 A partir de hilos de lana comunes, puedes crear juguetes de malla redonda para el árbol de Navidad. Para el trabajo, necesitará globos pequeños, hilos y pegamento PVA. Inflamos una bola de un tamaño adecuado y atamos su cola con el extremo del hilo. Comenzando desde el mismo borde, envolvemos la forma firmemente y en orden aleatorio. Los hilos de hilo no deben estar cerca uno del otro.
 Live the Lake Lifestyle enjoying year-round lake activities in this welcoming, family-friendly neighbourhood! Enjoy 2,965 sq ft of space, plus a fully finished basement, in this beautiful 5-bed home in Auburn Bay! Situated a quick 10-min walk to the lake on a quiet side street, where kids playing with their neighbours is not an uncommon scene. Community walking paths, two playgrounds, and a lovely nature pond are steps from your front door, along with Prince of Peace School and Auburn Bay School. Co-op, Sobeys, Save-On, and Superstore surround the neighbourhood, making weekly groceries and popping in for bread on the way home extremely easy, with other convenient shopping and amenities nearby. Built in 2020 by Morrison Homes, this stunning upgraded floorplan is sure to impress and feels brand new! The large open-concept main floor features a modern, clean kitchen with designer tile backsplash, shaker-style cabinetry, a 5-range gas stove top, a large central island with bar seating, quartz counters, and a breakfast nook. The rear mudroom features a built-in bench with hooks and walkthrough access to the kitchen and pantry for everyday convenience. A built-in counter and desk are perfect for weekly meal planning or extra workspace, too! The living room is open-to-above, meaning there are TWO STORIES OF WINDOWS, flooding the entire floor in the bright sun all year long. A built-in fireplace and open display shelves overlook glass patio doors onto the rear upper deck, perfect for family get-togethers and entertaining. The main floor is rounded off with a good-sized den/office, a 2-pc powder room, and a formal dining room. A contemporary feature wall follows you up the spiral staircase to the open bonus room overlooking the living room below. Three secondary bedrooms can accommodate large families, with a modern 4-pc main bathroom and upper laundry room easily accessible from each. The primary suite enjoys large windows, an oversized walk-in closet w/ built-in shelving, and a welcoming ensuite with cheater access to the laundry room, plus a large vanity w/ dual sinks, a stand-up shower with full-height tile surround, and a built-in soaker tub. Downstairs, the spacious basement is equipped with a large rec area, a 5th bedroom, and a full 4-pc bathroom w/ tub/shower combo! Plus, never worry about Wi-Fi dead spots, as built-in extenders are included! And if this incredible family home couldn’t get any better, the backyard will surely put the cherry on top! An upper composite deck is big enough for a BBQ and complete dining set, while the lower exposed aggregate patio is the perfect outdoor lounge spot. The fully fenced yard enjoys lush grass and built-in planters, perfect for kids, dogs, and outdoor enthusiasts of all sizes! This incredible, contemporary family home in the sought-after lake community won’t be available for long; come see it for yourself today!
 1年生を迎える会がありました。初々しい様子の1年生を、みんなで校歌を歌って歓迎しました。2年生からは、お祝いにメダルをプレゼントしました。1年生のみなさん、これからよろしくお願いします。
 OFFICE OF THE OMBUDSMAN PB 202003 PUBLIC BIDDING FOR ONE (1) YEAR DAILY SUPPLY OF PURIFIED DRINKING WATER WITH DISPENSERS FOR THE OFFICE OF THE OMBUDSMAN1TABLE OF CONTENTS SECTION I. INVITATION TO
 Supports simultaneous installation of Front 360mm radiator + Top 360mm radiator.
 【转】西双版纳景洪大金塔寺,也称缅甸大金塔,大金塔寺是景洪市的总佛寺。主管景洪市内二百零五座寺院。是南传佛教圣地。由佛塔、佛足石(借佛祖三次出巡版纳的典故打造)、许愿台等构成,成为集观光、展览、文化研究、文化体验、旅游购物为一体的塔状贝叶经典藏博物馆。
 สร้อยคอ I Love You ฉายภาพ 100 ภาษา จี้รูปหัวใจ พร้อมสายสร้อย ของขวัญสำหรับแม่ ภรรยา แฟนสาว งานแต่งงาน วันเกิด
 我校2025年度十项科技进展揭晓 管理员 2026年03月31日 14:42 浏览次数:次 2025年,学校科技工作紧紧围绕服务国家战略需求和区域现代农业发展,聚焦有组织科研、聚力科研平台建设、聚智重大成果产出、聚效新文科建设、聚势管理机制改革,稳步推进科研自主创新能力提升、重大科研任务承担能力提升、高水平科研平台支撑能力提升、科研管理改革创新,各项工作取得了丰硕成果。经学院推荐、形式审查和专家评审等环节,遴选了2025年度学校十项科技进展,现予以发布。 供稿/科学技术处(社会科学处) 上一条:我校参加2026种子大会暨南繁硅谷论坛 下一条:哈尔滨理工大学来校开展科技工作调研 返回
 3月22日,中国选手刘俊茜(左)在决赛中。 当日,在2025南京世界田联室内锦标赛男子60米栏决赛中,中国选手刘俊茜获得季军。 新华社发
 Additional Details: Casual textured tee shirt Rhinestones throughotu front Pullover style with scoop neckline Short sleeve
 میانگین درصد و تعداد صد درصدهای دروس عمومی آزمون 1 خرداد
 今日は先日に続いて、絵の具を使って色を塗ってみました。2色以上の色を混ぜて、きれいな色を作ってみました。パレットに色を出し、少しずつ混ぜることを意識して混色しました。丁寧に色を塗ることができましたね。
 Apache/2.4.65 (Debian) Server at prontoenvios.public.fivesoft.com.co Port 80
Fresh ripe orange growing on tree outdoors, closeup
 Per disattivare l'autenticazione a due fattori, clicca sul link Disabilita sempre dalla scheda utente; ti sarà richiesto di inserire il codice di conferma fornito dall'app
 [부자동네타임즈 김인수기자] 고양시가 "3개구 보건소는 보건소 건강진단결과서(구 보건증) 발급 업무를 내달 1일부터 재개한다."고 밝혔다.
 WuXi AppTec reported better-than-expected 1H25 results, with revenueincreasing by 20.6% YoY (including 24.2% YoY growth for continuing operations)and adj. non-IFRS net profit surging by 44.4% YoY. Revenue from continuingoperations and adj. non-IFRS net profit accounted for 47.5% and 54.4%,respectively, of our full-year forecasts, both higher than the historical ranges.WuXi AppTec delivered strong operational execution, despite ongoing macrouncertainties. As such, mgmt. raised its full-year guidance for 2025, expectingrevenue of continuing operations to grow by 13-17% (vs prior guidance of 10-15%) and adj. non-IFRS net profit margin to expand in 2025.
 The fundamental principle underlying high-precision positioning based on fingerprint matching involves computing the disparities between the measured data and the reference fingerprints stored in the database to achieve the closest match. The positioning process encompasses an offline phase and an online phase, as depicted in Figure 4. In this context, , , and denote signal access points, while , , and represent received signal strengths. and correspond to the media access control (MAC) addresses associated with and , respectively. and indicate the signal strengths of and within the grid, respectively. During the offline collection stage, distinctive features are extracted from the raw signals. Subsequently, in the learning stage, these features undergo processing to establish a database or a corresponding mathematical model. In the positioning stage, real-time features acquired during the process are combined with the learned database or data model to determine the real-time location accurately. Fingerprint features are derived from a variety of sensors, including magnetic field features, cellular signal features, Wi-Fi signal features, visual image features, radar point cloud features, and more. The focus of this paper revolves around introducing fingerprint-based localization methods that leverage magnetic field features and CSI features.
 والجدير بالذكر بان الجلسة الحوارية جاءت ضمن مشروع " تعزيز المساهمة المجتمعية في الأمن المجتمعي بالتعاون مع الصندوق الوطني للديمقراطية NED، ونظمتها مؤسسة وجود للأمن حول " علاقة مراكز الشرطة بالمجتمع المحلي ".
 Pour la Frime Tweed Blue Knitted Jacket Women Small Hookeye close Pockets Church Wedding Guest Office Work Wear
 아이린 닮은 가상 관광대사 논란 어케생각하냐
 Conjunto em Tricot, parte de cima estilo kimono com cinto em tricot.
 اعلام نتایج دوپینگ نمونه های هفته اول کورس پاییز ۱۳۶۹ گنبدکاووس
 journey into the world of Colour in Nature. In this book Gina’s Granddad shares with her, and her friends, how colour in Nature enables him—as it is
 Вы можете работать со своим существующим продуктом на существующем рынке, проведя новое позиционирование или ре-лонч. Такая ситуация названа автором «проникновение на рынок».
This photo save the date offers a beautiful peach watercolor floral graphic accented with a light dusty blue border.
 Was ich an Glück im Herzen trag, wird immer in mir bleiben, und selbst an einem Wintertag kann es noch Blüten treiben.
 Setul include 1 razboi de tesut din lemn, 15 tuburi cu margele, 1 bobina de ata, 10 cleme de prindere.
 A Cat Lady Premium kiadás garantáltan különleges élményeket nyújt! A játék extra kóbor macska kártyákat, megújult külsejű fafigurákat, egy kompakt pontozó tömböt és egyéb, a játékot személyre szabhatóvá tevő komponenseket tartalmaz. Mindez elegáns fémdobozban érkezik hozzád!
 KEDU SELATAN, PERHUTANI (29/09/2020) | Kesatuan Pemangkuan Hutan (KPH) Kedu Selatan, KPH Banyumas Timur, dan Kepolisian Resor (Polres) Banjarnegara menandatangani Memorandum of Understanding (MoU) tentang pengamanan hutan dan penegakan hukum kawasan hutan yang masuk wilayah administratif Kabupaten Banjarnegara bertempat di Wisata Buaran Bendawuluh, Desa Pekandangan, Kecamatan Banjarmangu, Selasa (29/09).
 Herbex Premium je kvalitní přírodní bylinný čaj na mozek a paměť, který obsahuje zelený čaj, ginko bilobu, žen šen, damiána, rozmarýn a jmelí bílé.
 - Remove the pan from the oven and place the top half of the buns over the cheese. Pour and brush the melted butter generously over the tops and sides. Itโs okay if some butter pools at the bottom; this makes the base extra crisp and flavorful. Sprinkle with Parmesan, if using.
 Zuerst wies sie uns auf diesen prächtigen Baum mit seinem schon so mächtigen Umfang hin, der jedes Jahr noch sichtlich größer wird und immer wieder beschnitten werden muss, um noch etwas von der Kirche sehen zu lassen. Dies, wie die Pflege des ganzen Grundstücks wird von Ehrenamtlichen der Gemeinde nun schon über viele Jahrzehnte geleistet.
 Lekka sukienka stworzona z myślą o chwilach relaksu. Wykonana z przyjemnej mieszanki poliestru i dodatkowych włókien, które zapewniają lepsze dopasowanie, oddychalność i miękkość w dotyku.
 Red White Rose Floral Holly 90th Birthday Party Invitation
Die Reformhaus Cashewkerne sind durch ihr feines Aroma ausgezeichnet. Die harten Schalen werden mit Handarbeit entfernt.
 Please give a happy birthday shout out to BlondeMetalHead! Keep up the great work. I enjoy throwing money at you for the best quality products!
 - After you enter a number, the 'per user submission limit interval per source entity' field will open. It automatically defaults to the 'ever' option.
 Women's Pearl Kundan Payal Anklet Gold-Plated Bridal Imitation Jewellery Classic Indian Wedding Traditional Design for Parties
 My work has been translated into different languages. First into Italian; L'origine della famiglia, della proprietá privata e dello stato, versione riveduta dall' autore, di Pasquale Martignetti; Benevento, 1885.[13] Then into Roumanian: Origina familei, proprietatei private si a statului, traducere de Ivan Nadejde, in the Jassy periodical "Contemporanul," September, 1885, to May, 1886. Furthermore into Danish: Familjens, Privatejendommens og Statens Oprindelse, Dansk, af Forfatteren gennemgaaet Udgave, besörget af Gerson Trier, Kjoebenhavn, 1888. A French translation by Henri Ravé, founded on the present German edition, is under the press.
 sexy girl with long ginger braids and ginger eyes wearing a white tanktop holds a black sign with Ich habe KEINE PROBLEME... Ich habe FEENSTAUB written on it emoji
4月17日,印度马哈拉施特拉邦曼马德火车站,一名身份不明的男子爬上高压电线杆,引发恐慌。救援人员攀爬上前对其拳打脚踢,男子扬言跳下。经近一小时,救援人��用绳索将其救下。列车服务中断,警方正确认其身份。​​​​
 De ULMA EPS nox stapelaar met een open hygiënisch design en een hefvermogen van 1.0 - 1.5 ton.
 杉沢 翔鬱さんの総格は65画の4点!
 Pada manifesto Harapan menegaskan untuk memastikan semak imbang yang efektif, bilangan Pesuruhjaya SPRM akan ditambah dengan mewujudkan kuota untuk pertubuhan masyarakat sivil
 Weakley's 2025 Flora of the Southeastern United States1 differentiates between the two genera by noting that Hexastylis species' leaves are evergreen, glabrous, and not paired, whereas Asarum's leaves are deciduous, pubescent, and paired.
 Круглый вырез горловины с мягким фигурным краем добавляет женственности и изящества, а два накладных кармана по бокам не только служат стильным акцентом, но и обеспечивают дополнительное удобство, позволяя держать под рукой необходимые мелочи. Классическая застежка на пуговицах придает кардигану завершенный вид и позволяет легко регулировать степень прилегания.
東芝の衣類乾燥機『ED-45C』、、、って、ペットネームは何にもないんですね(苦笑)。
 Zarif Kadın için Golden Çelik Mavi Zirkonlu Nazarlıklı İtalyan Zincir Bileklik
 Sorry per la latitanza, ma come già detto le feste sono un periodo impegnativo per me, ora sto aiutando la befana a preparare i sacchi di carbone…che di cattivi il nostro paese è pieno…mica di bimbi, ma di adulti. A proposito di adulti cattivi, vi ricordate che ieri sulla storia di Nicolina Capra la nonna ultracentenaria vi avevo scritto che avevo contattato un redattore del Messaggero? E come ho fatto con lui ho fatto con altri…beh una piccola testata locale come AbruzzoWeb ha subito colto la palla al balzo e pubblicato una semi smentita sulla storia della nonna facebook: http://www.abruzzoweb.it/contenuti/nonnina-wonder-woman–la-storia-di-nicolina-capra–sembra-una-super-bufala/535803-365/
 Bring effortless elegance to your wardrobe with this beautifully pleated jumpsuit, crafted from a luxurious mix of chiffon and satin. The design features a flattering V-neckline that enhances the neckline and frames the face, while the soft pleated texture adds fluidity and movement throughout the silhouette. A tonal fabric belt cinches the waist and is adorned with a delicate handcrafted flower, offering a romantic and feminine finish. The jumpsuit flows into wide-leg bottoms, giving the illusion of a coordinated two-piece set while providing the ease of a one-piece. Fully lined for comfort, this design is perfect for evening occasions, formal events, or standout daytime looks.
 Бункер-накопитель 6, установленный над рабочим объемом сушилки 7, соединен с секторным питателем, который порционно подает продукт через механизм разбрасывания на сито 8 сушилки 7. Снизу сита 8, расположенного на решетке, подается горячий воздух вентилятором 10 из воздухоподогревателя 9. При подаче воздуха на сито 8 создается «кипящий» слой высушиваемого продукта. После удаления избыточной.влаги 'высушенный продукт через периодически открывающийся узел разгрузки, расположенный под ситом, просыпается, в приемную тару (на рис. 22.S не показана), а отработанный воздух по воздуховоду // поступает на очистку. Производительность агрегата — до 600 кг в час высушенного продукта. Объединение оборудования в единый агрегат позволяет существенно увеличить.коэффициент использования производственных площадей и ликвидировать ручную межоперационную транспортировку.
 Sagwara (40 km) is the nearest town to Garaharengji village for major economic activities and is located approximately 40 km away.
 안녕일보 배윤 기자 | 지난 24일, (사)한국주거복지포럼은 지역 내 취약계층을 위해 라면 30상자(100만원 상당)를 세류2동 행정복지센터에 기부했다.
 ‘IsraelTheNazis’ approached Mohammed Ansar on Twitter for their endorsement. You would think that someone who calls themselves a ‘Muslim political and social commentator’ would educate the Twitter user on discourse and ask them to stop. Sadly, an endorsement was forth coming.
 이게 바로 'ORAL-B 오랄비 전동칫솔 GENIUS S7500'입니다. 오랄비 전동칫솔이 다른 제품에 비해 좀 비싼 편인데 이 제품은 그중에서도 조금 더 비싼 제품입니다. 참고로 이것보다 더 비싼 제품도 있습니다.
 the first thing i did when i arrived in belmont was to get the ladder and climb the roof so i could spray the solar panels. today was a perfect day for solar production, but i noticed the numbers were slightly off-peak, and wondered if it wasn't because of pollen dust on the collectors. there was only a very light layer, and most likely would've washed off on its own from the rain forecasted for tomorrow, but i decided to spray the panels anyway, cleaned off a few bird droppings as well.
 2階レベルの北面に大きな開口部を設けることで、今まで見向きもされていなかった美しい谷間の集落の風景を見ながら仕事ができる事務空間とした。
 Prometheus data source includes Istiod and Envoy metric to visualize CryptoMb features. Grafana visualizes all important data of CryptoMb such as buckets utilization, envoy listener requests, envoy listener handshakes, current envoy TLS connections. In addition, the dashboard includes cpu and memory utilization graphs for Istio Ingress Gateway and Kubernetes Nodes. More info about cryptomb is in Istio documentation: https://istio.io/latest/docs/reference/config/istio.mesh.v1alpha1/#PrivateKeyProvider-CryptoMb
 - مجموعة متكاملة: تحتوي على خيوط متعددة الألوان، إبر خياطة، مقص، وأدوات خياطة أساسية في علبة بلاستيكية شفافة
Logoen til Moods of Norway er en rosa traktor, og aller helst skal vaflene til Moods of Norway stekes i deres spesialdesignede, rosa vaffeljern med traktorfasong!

##############################

Your goal:
In the listing above, find the line with "4月17日,印度马哈拉施特拉" and the line with "Pada manifesto Harapan". Output those two lines and every line between them, exactly as written.

Solution below:
4月17日,印度马哈拉施特拉邦曼马德火车站,一名身份不明的男子爬上高压电线杆,引发恐慌。救援人员攀爬上前对其拳打脚踢,男子扬言跳下。经近一小时,救援人��用绳索将其救下。列车服务中断,警方正确认其身份。​​​​
 De ULMA EPS nox stapelaar met een open hygiënisch design en een hefvermogen van 1.0 - 1.5 ton.
 杉沢 翔鬱さんの総格は65画の4点!
 Pada manifesto Harapan menegaskan untuk memastikan semak imbang yang efektif, bilangan Pesuruhjaya SPRM akan ditambah dengan mewujudkan kuota untuk pertubuhan masyarakat sivil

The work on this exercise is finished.